#### WHAT TO PRODUCE:
Once the line with "A kiállításon láthatunk" is found in the entries below, repeat it and each following line exactly, up to and including the line with "Лицевая сторона —". Add no other lines.

#### STORED DATA:
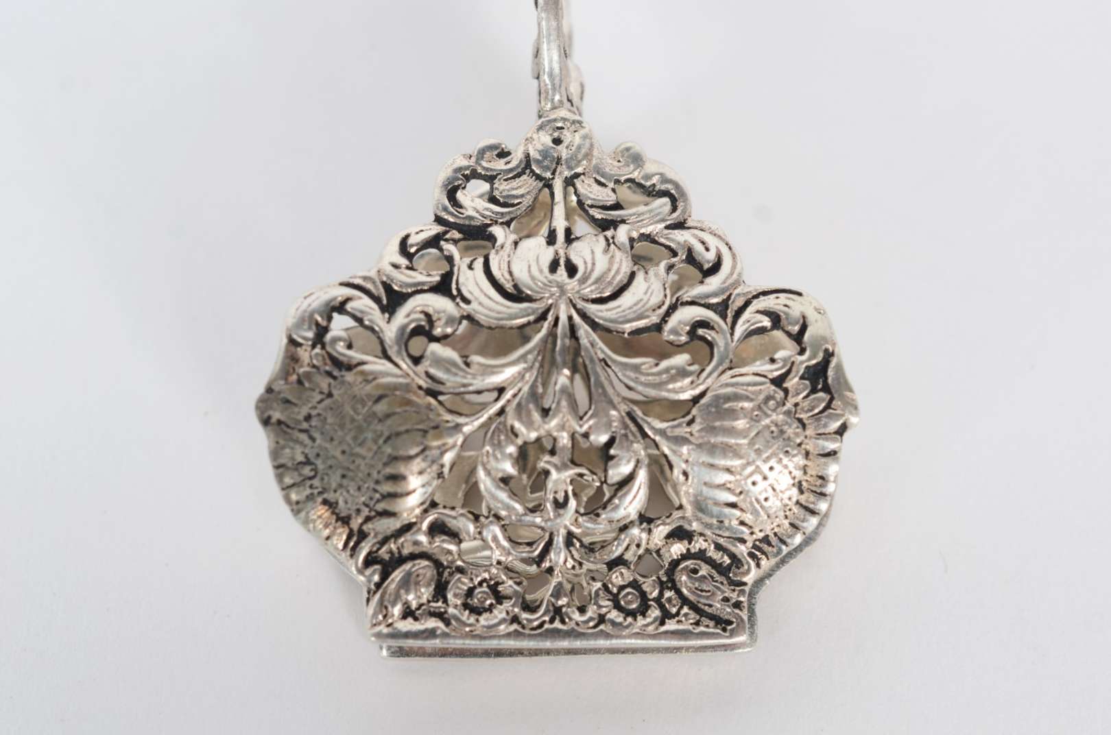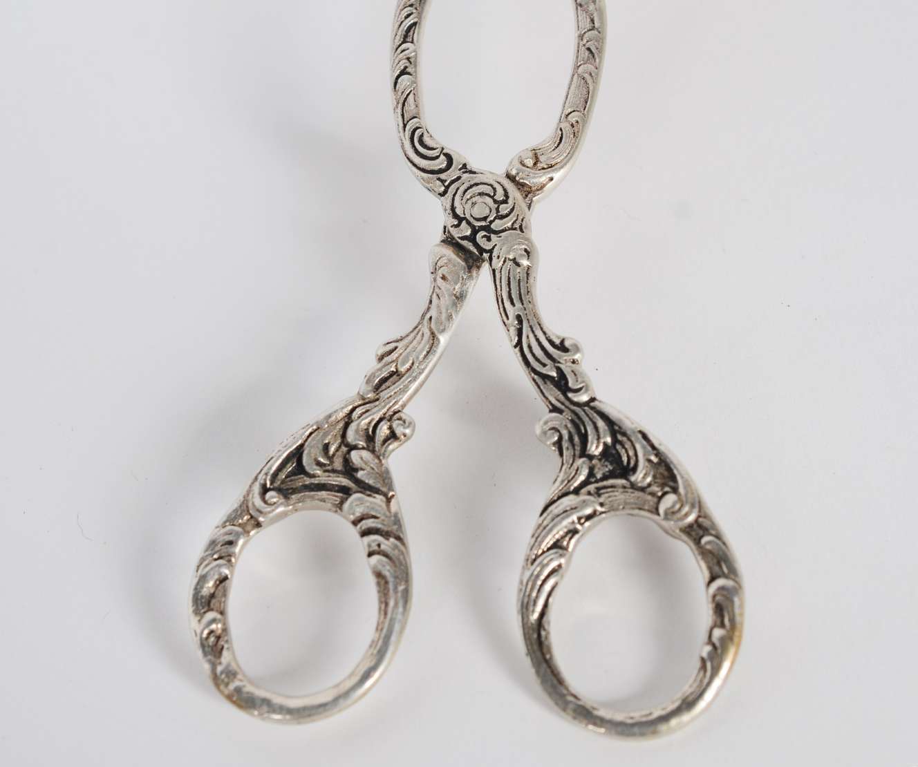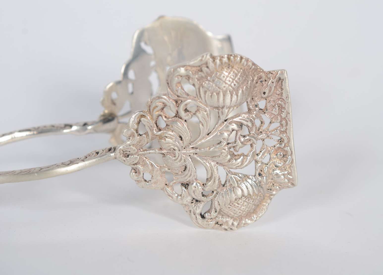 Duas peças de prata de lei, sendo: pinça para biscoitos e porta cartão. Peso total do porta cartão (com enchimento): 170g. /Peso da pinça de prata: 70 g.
* * *
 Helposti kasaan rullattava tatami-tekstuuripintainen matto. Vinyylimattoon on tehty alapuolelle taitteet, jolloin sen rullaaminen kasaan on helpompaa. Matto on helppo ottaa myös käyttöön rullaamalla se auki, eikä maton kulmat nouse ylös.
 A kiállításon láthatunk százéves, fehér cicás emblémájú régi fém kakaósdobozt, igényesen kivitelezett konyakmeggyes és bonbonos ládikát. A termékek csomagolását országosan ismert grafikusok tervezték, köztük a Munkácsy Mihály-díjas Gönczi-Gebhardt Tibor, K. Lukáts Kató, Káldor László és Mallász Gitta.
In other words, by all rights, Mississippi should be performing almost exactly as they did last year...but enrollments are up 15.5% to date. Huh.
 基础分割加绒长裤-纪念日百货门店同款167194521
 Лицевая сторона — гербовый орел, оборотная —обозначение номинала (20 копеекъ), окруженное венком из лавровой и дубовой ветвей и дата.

#### RESPONSE AREA:
 A kiállításon láthatunk százéves, fehér cicás emblémájú régi fém kakaósdobozt, igényesen kivitelezett konyakmeggyes és bonbonos ládikát. A termékek csomagolását országosan ismert grafikusok tervezték, köztük a Munkácsy Mihály-díjas Gönczi-Gebhardt Tibor, K. Lukáts Kató, Káldor László és Mallász Gitta.
In other words, by all rights, Mississippi should be performing almost exactly as they did last year...but enrollments are up 15.5% to date. Huh.
 基础分割加绒长裤-纪念日百货门店同款167194521
 Лицевая сторона — гербовый орел, оборотная —обозначение номинала (20 копеекъ), окруженное венком из лавровой и дубовой ветвей и дата.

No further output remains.